So what does it disable exactly? I'm on 68.0.12.
The expiry notification system is separate from the AutoSSL system so the confusion is understandable. This system is responsible for sending expiry notifications for all certificate types. The tweak setting disables the expiry notifications system (SSL::CertificateExpiring and AutoSSL::CertificateExpiring - except for related DCV problems).

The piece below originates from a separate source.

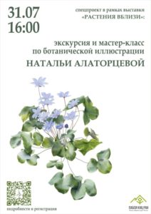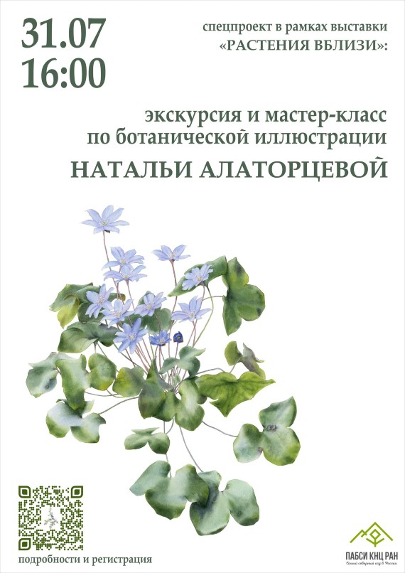 31 июля в 16:00 приглашаем принять участие в специальном проекте Полярно-альпийского ботанического сада и автора выставки акварелей и линогравюр «РАСТЕНИЯ ВБЛИЗИ» ботаника и художника Натальи Алаторцевой. Это ботаническое путешествие, плавно превращающееся в мастер-класс по акварельной ботанической иллюстрации. Почувствуй себя исследователем и художником одновременно!
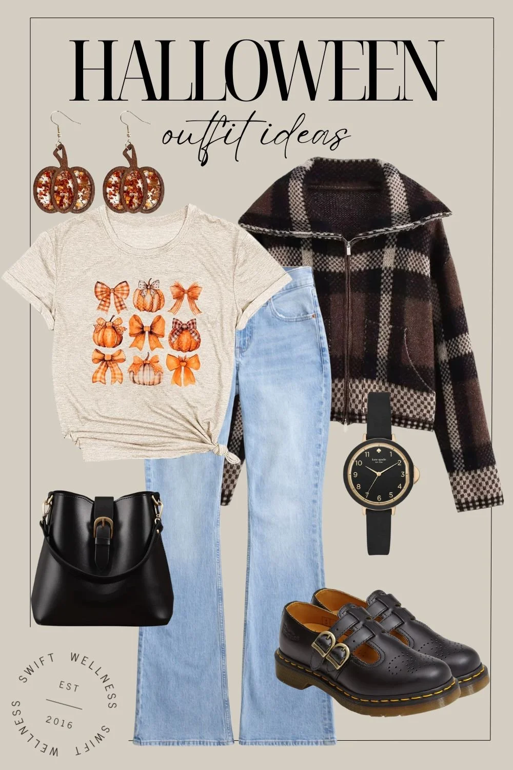 A graphic tee for Halloween is one of our favorite ways to incorporate a little holiday magic. Mix and match it with your favorite pieces, but a faux leather jacket and plaid skirt give it an almost punk-rock feel.

The following command will disable the expiry notification system:
Code:
whmapi1 set_tweaksetting key=notify_expiring_certificates value=0
Its possible the cause of the unexpected notifications is the AutoSSL system sending them when a domain is failing DCV and is affecting the ability for it to renew before the expiry (AutoSSL::CertificateExpiring - when there are related DCV problems or AutoSSL::CertificateRenewalCoverage).

We opened up case CPANEL-16927 to move the all the expiry and related notifications for AutoSSL certificates to be controlled by the same options that were added in CPANEL-16842 (shipped in 68.0.14). Hopefully, this will reduce the confusion created by having two places where the notifications are controlled.

CPANEL-16842 shipped in 68.0.14 with these changes:
  • AutoSSL options area will handle server-wide control for sending notifications for AutoSSL certificates except expiry. (AutoSSL::CertificateInstalled, AutoSSL::CertificateRenewalCoverage, and SSL::CertificateExpiring - when there are related DCV problems)
  • If the notifications are enabled in the AutoSSL options area users will retain the option to disable them in cPanel. Once available the following command line options will be able to disable the notifications server-wide:
    • Turn off all the AutoSSL notifications and prevent AutoSSL from replacing invalid or expiring non-AutoSSL certificates:
      Code:
      whmapi1 set_autossl_metadata metadata_json='{"clobber_externally_signed":0,"notify_autossl_expiry_coverage":0,"notify_autossl_renewal_coverage":0,"notify_autossl_renewal":0}'
    • Turn off all the AutoSSL notifications and allow AutoSSL to replace invalid or expiring non-AutoSSL certificates (not recommended):
      Code:
      whmapi1 set_autossl_metadata metadata_json='{"clobber_externally_signed":1,"notify_autossl_expiry_coverage":0,"notify_autossl_renewal_coverage":0,"notify_autossl_renewal":0}'
  • In v70 we added set_autossl_metadata_key to make this easier to set from the command line: WHM API 1 Functions - set_autossl_metadata_key - Software Development Kit - cPanel Documentation

When CPANEL-16927 is completed in a coming v70 release (available in EDGE):
  • Tweak Settings option will control sending notification non-AutoSSL certificates (SSL::CertificateExpiring) [Note: If AutoSSL is disabled we treat all certificates as non-AutoSSL certificates]
  • AutoSSL options area will handle control for sending notifications for AutoSSL certificates. (AutoSSL::CertificateInstalled, AutoSSL::CertificateRenewalCoverage, AutoSSL::CertificateExpiryCoverage [partial DCV failure - NEW] and AutoSSL::CertificateExpiring [full DCV failure])
  • We have also added some language in the WHM Contact Manager to clarify that the settings control which notifications the server administrator receives and where to adjust the settings for a cPanel user (in Contact Information)
  • If the notifications are enabled in the AutoSSL options area users will retain the option to disable them in cPanel and administrators will have the option to disable them in the WHM Contact Manager
When CPANEL-16928 is completed in a coming v70 release (available in EDGE):
  • We are adding additional granularity to control to the AutoSSL::CertificateInstalled notification as AutoSSL::CertificateInstalledCovergeReduced [New] and
    AutoSSL::CertificateInstalledUncoveredDomains [NEW]
    for administrators who want to disable the AutoSSL::CertificateInstalled success notifications. This allows administrators to reduce the number of notifications but still stay informed when a certificate that reduces the SSL coverage is installed. This is an important distinction since this usually means that a DCV problem was not corrected in time to prevent interruption of service by having an expected domain removed from the certificate.
  • Now that we have a way to distinguish between a coverage problem and a successful renewal, we will also change AutoSSL::CertificateInstalled (Success) to be disabled by default (If you have already saved/modified AutoSSL options, your existing settings will be preserved.)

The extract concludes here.